Fujitsu Celsius H780 or Lenovo Thinkpad P 52?

Gi
- in Lenovo
8

I'm currently looking for a laptop for CAD applications and MS Office.

It should be a NVIDIA Quadro P2000 graphics card with 4 GB. I would not care about RAM and hard drive, because I could upgrade it myself.

I have these two models in mind.

Fujitsu workstation CELSIUS H780
15.6 "Full HD, i7-8850H vPro, 16GB RAM, 512GB SSD, NVIDIA Quadro P2000 graphics card 4096MB GDDR5, Windows 10 Pro 64 bit, weight 2.70kg
Lenovo ThinkPad P52
15.6 "Full HD IPS Display, i7-8850H, 16GB DDR4, 512GB SSD, Video Card NVIDIA Quadro P2000 4096MB GDDR5, Win10Pro, Weight 2.45kg
Now my question which would you recommend from the processing, performance, everyday life, resilience, etc.

Please only people who have worked or experience with it.

I would be very happy about an exhaustive answer and please do not half know how Lenovo is better and Fujitsu is bad.

It's just about these two models and no other.

Mi

Although I can't report from my own experience, but https://www.notebookcheck.com/...#toc-fazit writes:

Although the Fujitsu Celsius H780 can't be described as a total failure, there are too many weaknesses in our opinion for a 2,500 Euro device. The competitors in the form of the Lenovo ThinkPad P52 and the Dell Precision 7530 simply convince us more.

ex

I've upgraded the P52 for work, but bigger (more RAM, more SSD, Xeon).

I'm hauling around 3-5 days a week all over Europe, in a normal, stuffed laptop bag since I got it at the beginning of the year, he's always on the train and on the plane. Looks like new and does what he should. Robust and suitable for everyday use, only last week worked outside with sun from the side to enjoy the last little late summer.

He is also powerful, although I can't speak for the equipment you have chosen. Since the two models you have selected do not take much, at most in the heat or in the display quality.

Does the Fujitsu have a trackpoint / nipple? They are on the way very handy, if times jerky and you still have to work.

And yes, I'm talking about dragging, the 170W PSU alone is as heavy as some other laptop…

People always look sympathetic in the train, because they think the thick, heavy part would be 10 years old… I always grin to myself.

Gi

Thanks for the quick feedback matmatmat.

Unfortunately, he does not have a trackpoint / nipple.

ex

These are handy, I use for years. You have to get used to it, but hang up your forearm on the device with your fingers "zooming in" and pressing the mouse button with your thumb is very good when it jerks in the train. Much better than the wireless mouse and better than free-floating hand over the trackpad.

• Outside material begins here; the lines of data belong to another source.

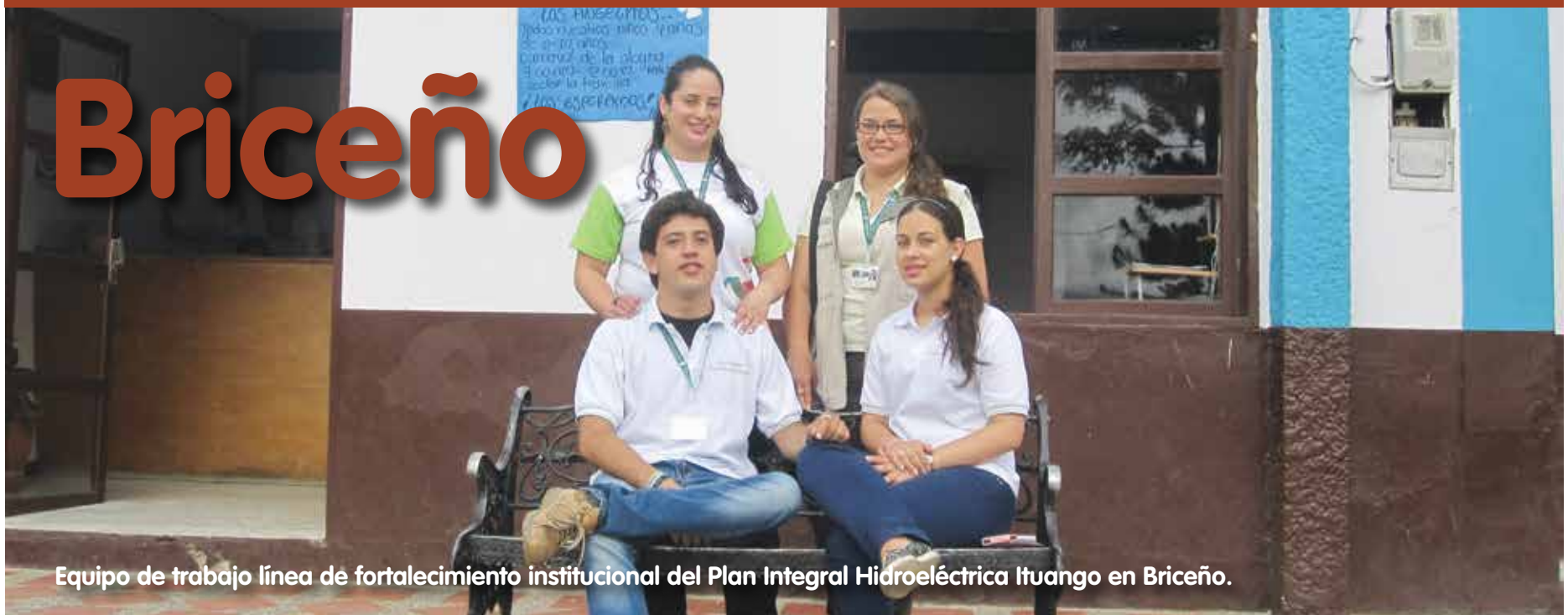
Equipo de trabajo línea de fortalecimiento institucional del Plan Integral Hidroeléctrica Ituango en Briceño.

El trabajo con víctimas del conflicto armado en Briceño se ha evidenciado en la labor que nuestros profesionales vienen adelantando. Hemos conformado cuatro grupos de motivación y apoyo mutuo en la zona urbana y la vereda El Roblal, además se ha acompañado a la mesa de víctimas y se han brindado talleres de formación en DDHH y prevención de accidentes por minas antipersonal; de igual forma venimos realizando talleres de guitarra clásica con adultos mayores víctimas.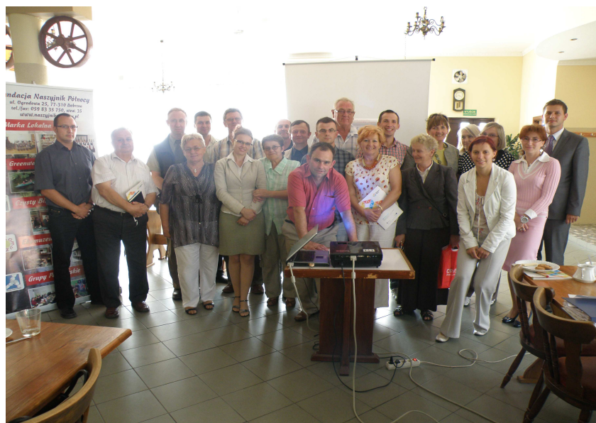
Drugie spotkanie grupy roboczej w Restauracji „Tęcza”

Drugie spotkanie odbyło się 6 lipca 2011 r., w której wzięło udział 30 członków grupy warsztatowej. Na spotkaniu tym omówiono metodologię procesu budowania strategii rozwoju metodą partnerską oraz znaczenie partycypacji społecznej w planowaniu strategicznym.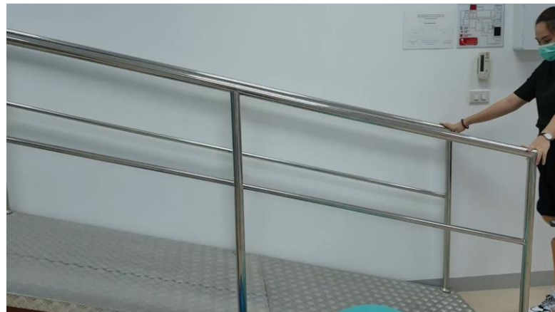
วิดีโอขณะเดินขึ้น - ลงทางลาด

ผล: นางสาวณิชชารีย์ได้ฝึกทดลองการใช้ขาเทียมคู่ใหม่ และสามารถกลับไปใช้งานในชีวิตประจำวันได้เป็นอย่างดี ซึ่งนางสาวณิชชารีย์รายงานว่า สวมใส่แล้วรู้สึกดีมาก ไม่รู้สึกปวดตรงบาดแผลเดิมแล้วและควบคุมการเดินได้อิสระมากขึ้น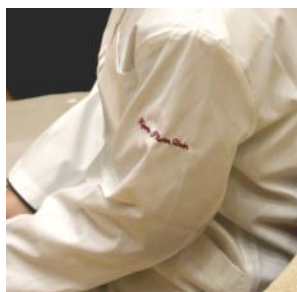
新しくなったデザイン

学生に授与した白衣は、教育後援会と京薬会からのご支援によるものです。今回、白衣のデザインが一新され、左腕上腕部に大学名（Kyoto Pharm. Univ.）を刺繍、しわになりにくい生地となっています。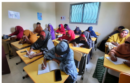
Cours d'alphabétisation et de calcul du groupe d'entraide au centre Hiil-Haween à Mogadiscio, janvier 2022.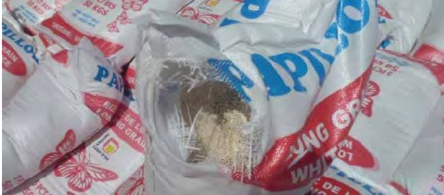
Slika 11. Poderana vreća riže.

prateću dokumentaciju za časničku potvrdu ( mate's receipt ). U slučaju oštećenja, časnička potvrda treba biti izdana s relevantnim napomenama koje odražavaju količinu i vrstu pronađene štete. Na primjer, „dvije poderane vreće“ (slika 11.), „pet vreća s promijenjenom bojom“, „tri pljesnive vreće“ ili „četiri pošiljke blago/umjereno/jako zaražene živim štetočinama“ [2].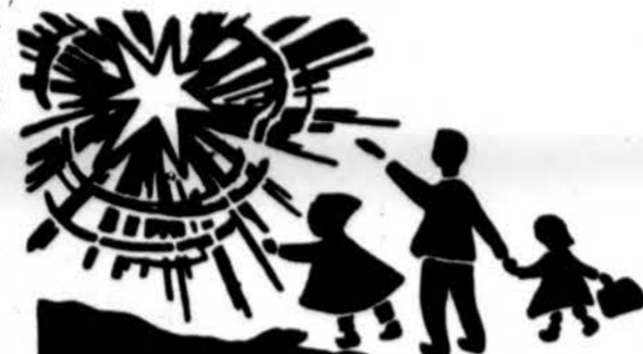
Redaguoja J. Pliacas. Medžiagą siūsti: 3206 W. 65th Place, Chicago, IL 60629

x LEMONTE, PL centre, TRANSPAK įstaiga veikia kiekvieną savaitę: penkt. 3 v. p.p. - 7 v.v., šešt. 10 v.r. - 3 v. p.p., sekm. 8:30 v.r. - 2 v. p.p. Tel. 708-267-0497 arba 312-436-7772. (sk)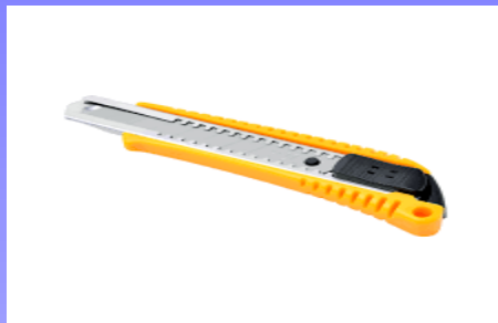
คัตเตอร์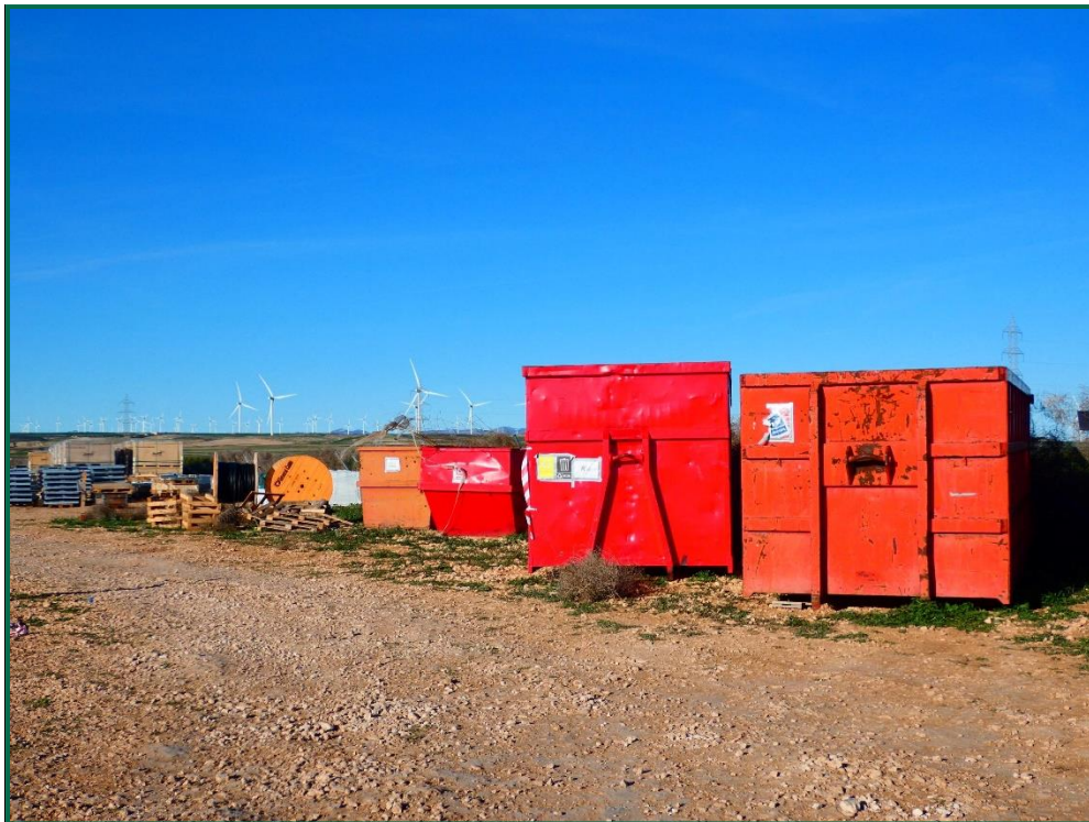
Fotografía 14. Contenedores de residuos.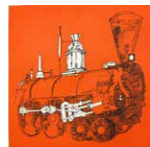
62 Rudolf Schönwald Kleine Lokomotive Edition von 100 2012, Strichradierung u. Aquatinta auf Arches Bütten, 59,5 x 60 cm Rufpreis € 300,-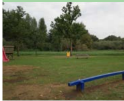
31 Sterrenlaan kleine speelplek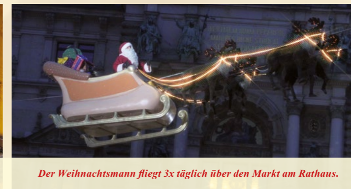
Der Weihnachtsmann fliegt 3x täglich über den Markt am Rathaus.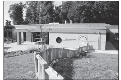
Der Umzug der Kita „Bummiland“ in ihr neues Gebäude muss noch einmal verschoben werden.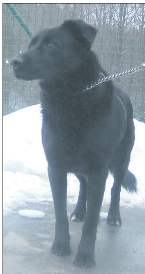
Sicer še nisem dolgo tukaj, a si že močno želim nove prilike pri dobrem človeku. In da se še malo pohvalim, sem mirnega karakterja, neagresiven, malo še plašen, a željan družbe ljudi. (7736)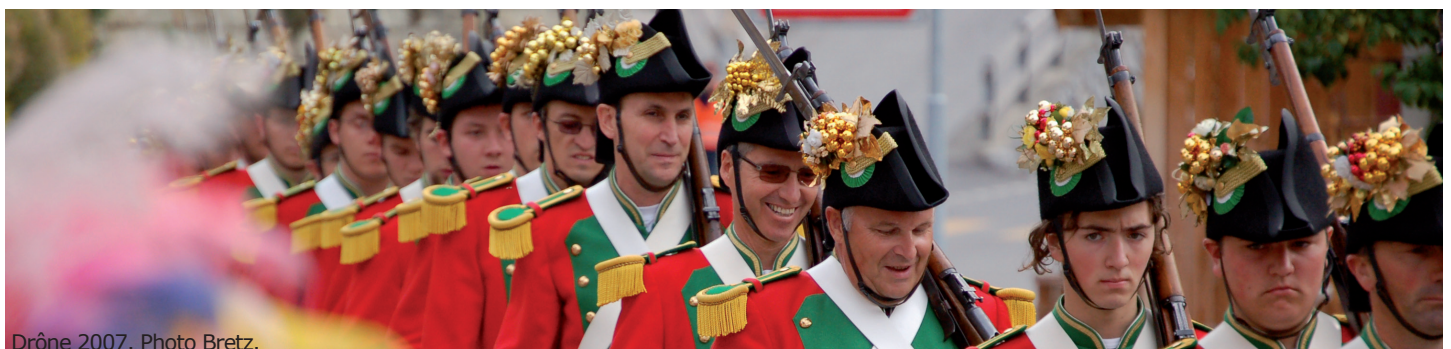
Drône 2007.

Un document proposé par la Fondation A. et N. Bretz-Héritier, Savièse, 2017. fondation@bretzheritier.ch www.bretzheritier.ch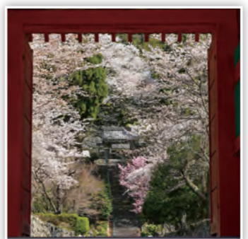
「エドヒガン」 大きなエドヒガンザクラが、花を咲かせていたで！ (たかP)

スマートフォンや携帯電話などからの応募も大歓迎！また、市ホームページではカラーで掲載！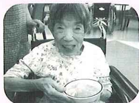
「どう?おいしそうでしょ。早く食べたい!!」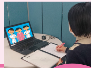
認定調査員募集中

要介護認定調査において、距離をとると聞こえにくい場合には質問カードを使用などの配慮をしました。また一部病院の調査では院内の相談室と病室をリモートで結び、病室で申請者の動作がよく見えるよう看護師さんに協力していただきました。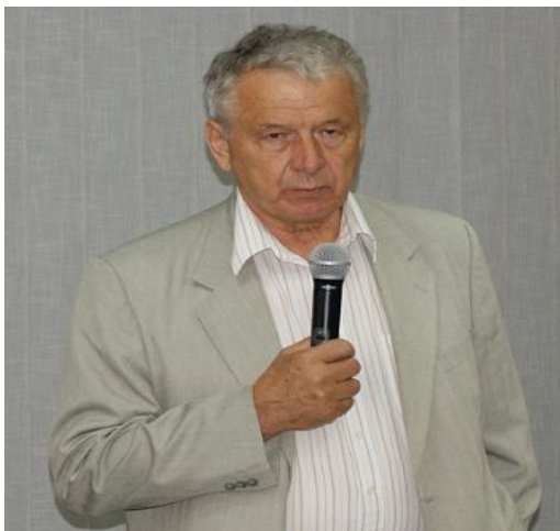
Академік НАН України В.М. Геєць

Потім слово взяв віце-президент Національної академії наук України, директор Інституту економіки та прогнозування НАН України (м. Київ) академік НАН України В.М. Геєць . Він акцентував увагу на двох аспектах розвитку металургії – зовнішньому та внутрішньому, відмітивши, що на світових ринках у галузі завжди буде значна кількість проблем, зокрема внаслідок швидкого розповсюдження більш дешевих матеріалів-замінників, тоді як внутрішнє споживання металопродукції власного виробництва має значний потенціал через необхідність масштабної реконструкції діючих потужностей.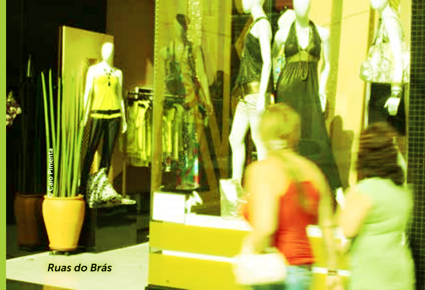
Ruas do Brás

Antes os produtos eram vendidos em atacado, agora o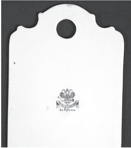
Сырные доски, конец XIX-начало XX в. Из фондов Старочеркасского музея-заповедника.

представители высшего сословия, стремившиеся перенять европейские обычаи.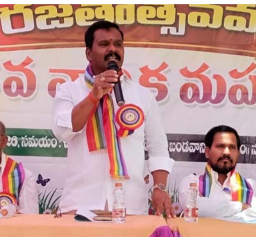
సంఘం సేవలను గుర్తుచేసుకుంటూ సభ్యులను సన్మానించారు.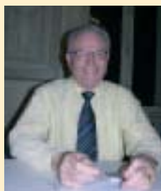
Christian Bernard Formation des Arbitres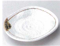
283-25-722 志野織部掛茶筋小判和皿 420円 15.3×13.2×2.3cm 28325722

IBM invented (now Lenovo) hats, DELL copies that I believe in the high-end devices.

Gi

Yes, I had also read the test, but I wanted to the people who have worked so ausgeibig and can share the experience with me, if it really so much significant.

ex

I've just briefly looked at the CELSIUS H780. Advantage could be that still has the VGA instead of just a display port and HDMI? Otherwise the one in the pictures has significantly fewer connections…

Gi

Thanks for the tip:-)

Gi

The connections such as VGA / HDMI would not be so relevant for me, except USB Type C. The Celsius H780 I would get very cheap than the Thinkpad. Therefore, I wanted to make sure that the difference would be worthwhile, such as durability, resilience etc.